Im ersten Halbjahr 1933 passierten rund 15 000 Flüchtlinge aus Deutschland die Grenze ins benachbarte Holland. Sie brauchten kein Visum, und wer arbeiten wollte, hatte freie Bahn. Die meisten Flüchtlinge zogen bis Jahresende weiter oder kehrten nach Deutschland zurück. Bis Dezember hatten sich in Amsterdam offiziell 2104 Deutsche bei der Polizei angemeldet, die an der Amstel einen neuen Start wagten. Der jüdische Bankier Otto Frank aus Frankfurt am Main war einer von ihnen. Im Sommer 1933 ging der Vierundvierzigjährige in die Niederlande und versuchte, als Unternehmer mit einer Konzession für das berühmte Marmeladen-Geliermittel Opekta Fuß zu fassen. Im Dezember bezog Otto Frank mit seiner Frau Edith eine helle moderne Wohnung in Amsterdam Zuid, Merwedeplein 37. Kurz vor Weihnachten brachten Verwandte die siebenjährige Tochter Margot; im Februar 1934 war auch die vierjährige Tochter Anne mit der Familie in Amsterdam vereint.

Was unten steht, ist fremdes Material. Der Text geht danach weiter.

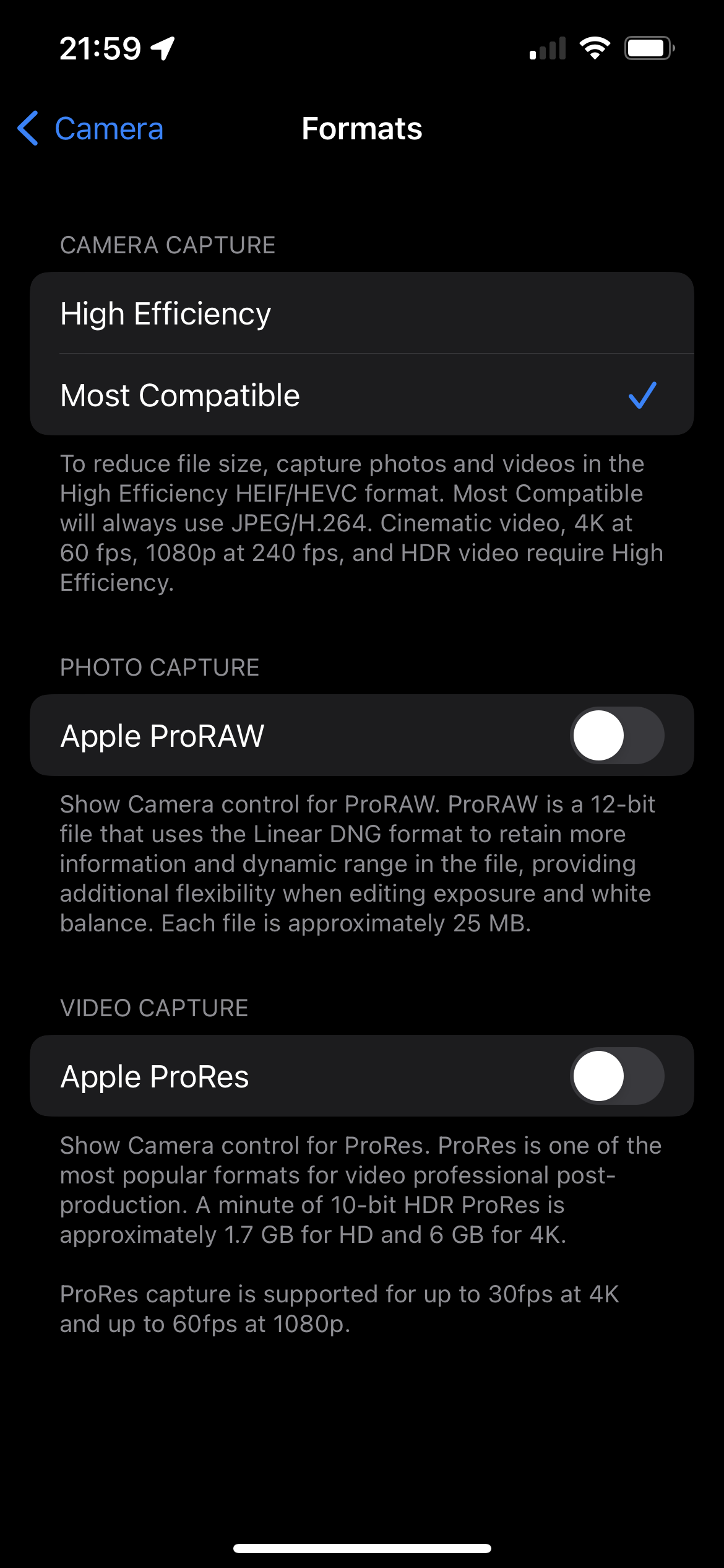 Brand new iPhone 13 Pro Max. Prores does not appear as option in camera settings

Zu den Flüchtlingen, die Amsterdam wieder verließen und nicht als dauerhaftes Exil wählten, gehören Schriftsteller wie Joseph Roth, Irmgard Keun, Klaus Mann, Hermann Kesten. Aber auch, wenn sie nicht blieben, fanden sie und weitere deutsche Autoren, die in Deutschland nicht mehr publizieren durften – darunter Heinrich Mann, Alfred Döblin, Stefan Zweig, Anna Seghers –, in der Hauptstadt der Niederlande eine neue Heimat für ihre Werke. Die angesehenen Amsterdamer Verlage Querido und Allert de Lange gründeten eigene deutschsprachige Verlage, in denen zwischen 1933 und 1940 insgesamt rund zweihundert Bücher von neunundneunzig deutschen Autoren erschienen.

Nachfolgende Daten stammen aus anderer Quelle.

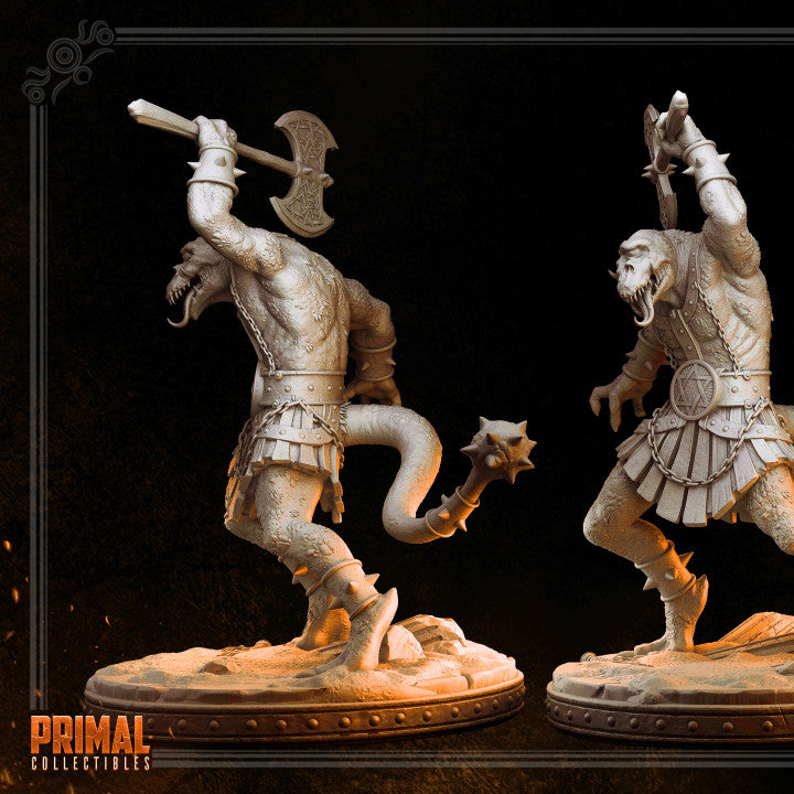 Reptile Minion Skhaar pre supported for 2 different scales: 32mm and 75mm by PRIMAL collectibles.

Ohne Resonanz blieb in den Niederlanden eine Gruppierung am rechten politischen Rand, die im Dezember 1931 in Utrecht als Nationalsozialistische Bewegung ( NSB ) gegründet worden war. Ihr »Führer«, der siebenunddreißigjährige Anton Adriaan Mussert, war Ingenieur bei der Wasserbaubehörde, ein unauffälliger Typ. Seine Botschaft: die Demokratie sei von gestern, dem Faschismus gehöre die Zukunft.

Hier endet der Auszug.